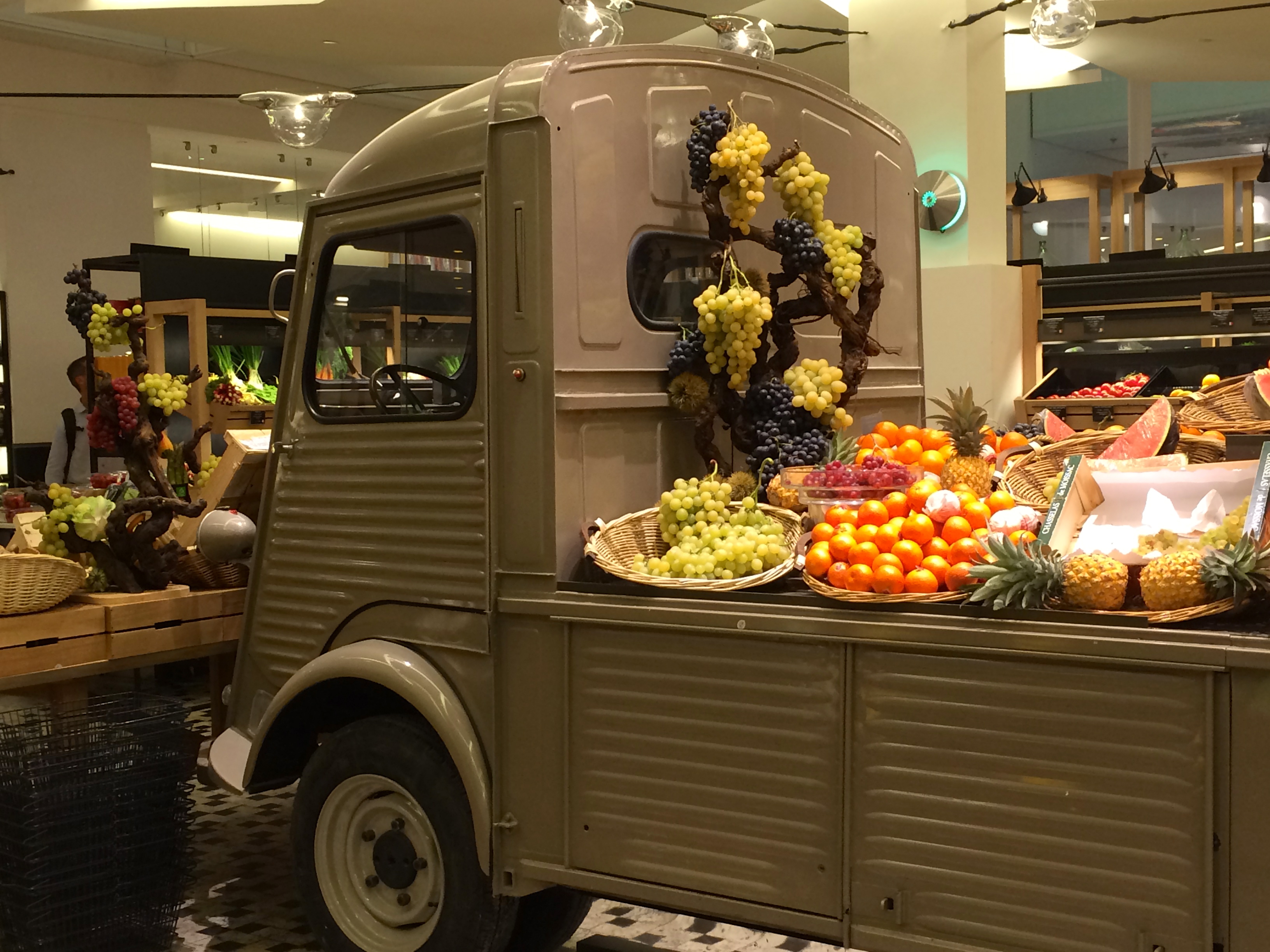 On a recent trip we strolled along the two-block traffic-free Rue Cler market in the shadow of the Eiffel Tower … visited the larger and tonier Marché Raspail in the heart of St. Germain which has a special all-organic market on Sundays … and explored the newly refurbished food courts at Bon Marché  — a culinary extravaganza which, though not outside, takes up an IMG_1192entire city block on the first floor of Paris’ most famous department store. Here, the displays are worthy of Broadway stage sets, including this full-size antique truck loaded with fruits de saison.
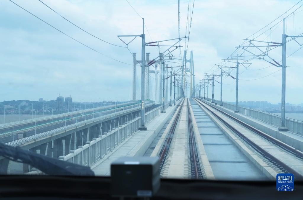 8月31日,试运行列车经过福厦高铁泉州湾跨海大桥。新华社记者 林善传 摄
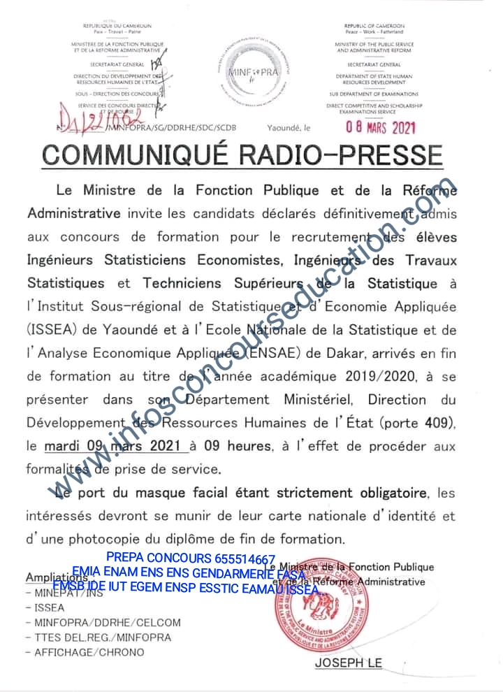 Communiqué à l’attention des candidats admis au concours d’issea cycle ise et its arrivés en fin de formation pour l’année académique 2019-2020
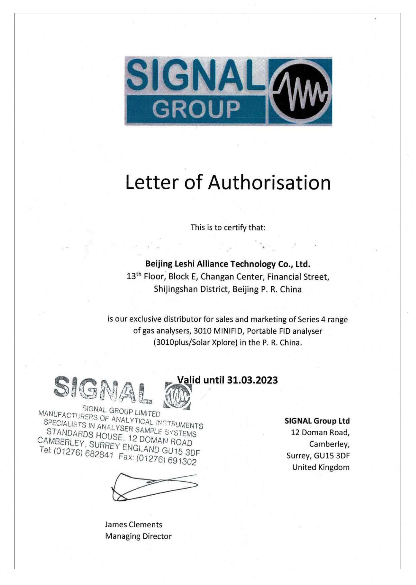 北京樂(lè)氏聯(lián)創(chuàng)科技有限公司(簡(jiǎn)稱(chēng) 樂(lè)氏科技)是英國(guó)SIGNAL GROUP在中國(guó)區(qū)的唯一授權(quán)總代理,全權(quán)負(fù)責(zé)中國(guó)區(qū)產(chǎn)品銷(xiāo)售及技術(shù)服務(wù)工作。
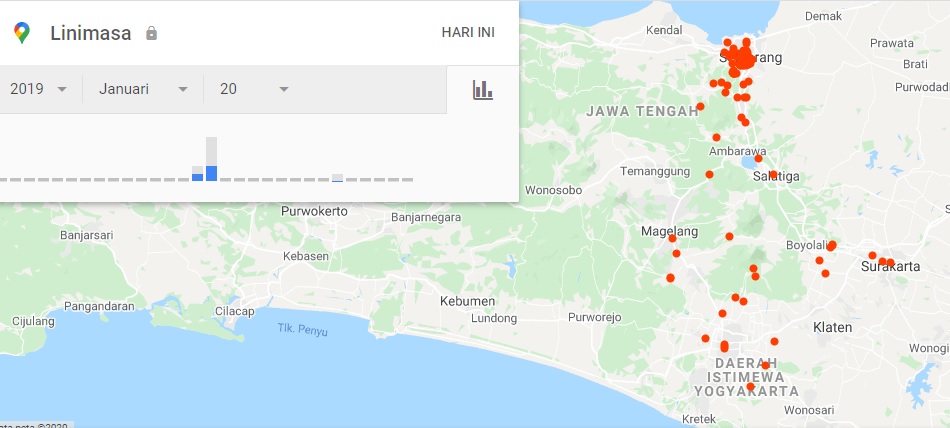 Ternyata di Semarang bloknya masih merah banget, berarti aktivitas paling banyak ada di Semarang.
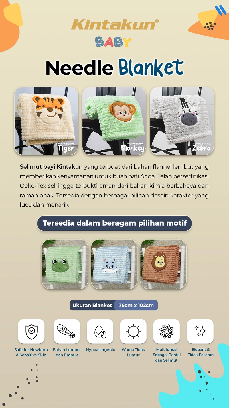 Kintakun Baby Selimut Bayi Needle Blanket Bulu Karakter Hewan 76x102 76 x 102 cm TIGER
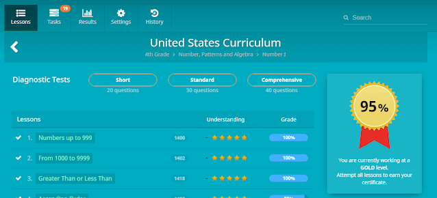 Each student profile has access to all levels of work. This makes this program easy for supplementing in a difficult area. It also makes it great for using mid-year. Especially in the event that you find yourself homeschooling unexpectedly or you're looking for extra help outside of the classroom, this program allows you to start wherever you need. The lessons and criteria for each grade level are clearly organized so that you can use this as a primary math resource and go from beginning to end. In that case, the student simply begins with the first video lesson of their grade, complete questions afterwards and receive immediate feedback towards their level of mastery. The number of questions can be adjusted which is helpful depending on how much time you want spent on the subject. The student and parent can clearly see scores and areas of difficulty for further attention. Divided up by the week and semester, there are available review questions in pdf or online format that can be assigned or utilized offline like a test or simply supplemental to other programs. This is especially helpful when you are simply wanted to check understanding in a different format than what you might be using every day.
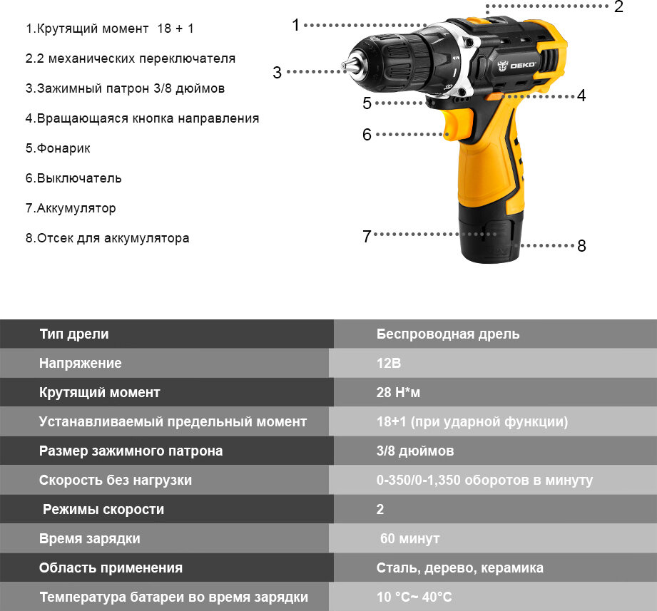 Дрель-шуруповерт Deko DKCD12FU-Li (063-4094) .
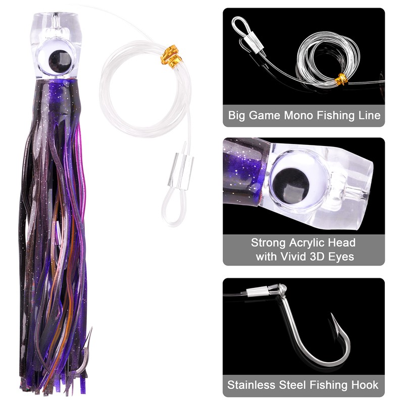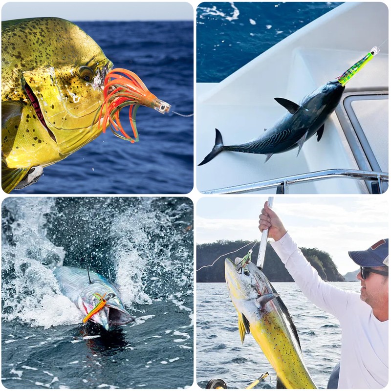 - 【TARGET SPECIES】Saltwater Fishing Trolling Lures for Marlin, Sailfish, Tuna, Mackeral, Kingfish, Ahi, Dolphinfish, Barracuda, Wahoo and any game fish that swims! Please handle with special care for there are several sharp hooks and corners. Please keep out of reach of children.

+ + +

__Directions for this task__.
Would you restate, word for word and with no pictures, only the lines from the opening of the material through the line with "8月31日,试运行列车经过福厦高铁泉州湾跨海大桥。新华社记者 林善传 摄", both included?

__Answer to the problem__.
 On a recent trip we strolled along the two-block traffic-free Rue Cler market in the shadow of the Eiffel Tower … visited the larger and tonier Marché Raspail in the heart of St. Germain which has a special all-organic market on Sundays … and explored the newly refurbished food courts at Bon Marché  — a culinary extravaganza which, though not outside, takes up an IMG_1192entire city block on the first floor of Paris’ most famous department store. Here, the displays are worthy of Broadway stage sets, including this full-size antique truck loaded with fruits de saison.
 8月31日,试运行列车经过福厦高铁泉州湾跨海大桥。新华社记者 林善传 摄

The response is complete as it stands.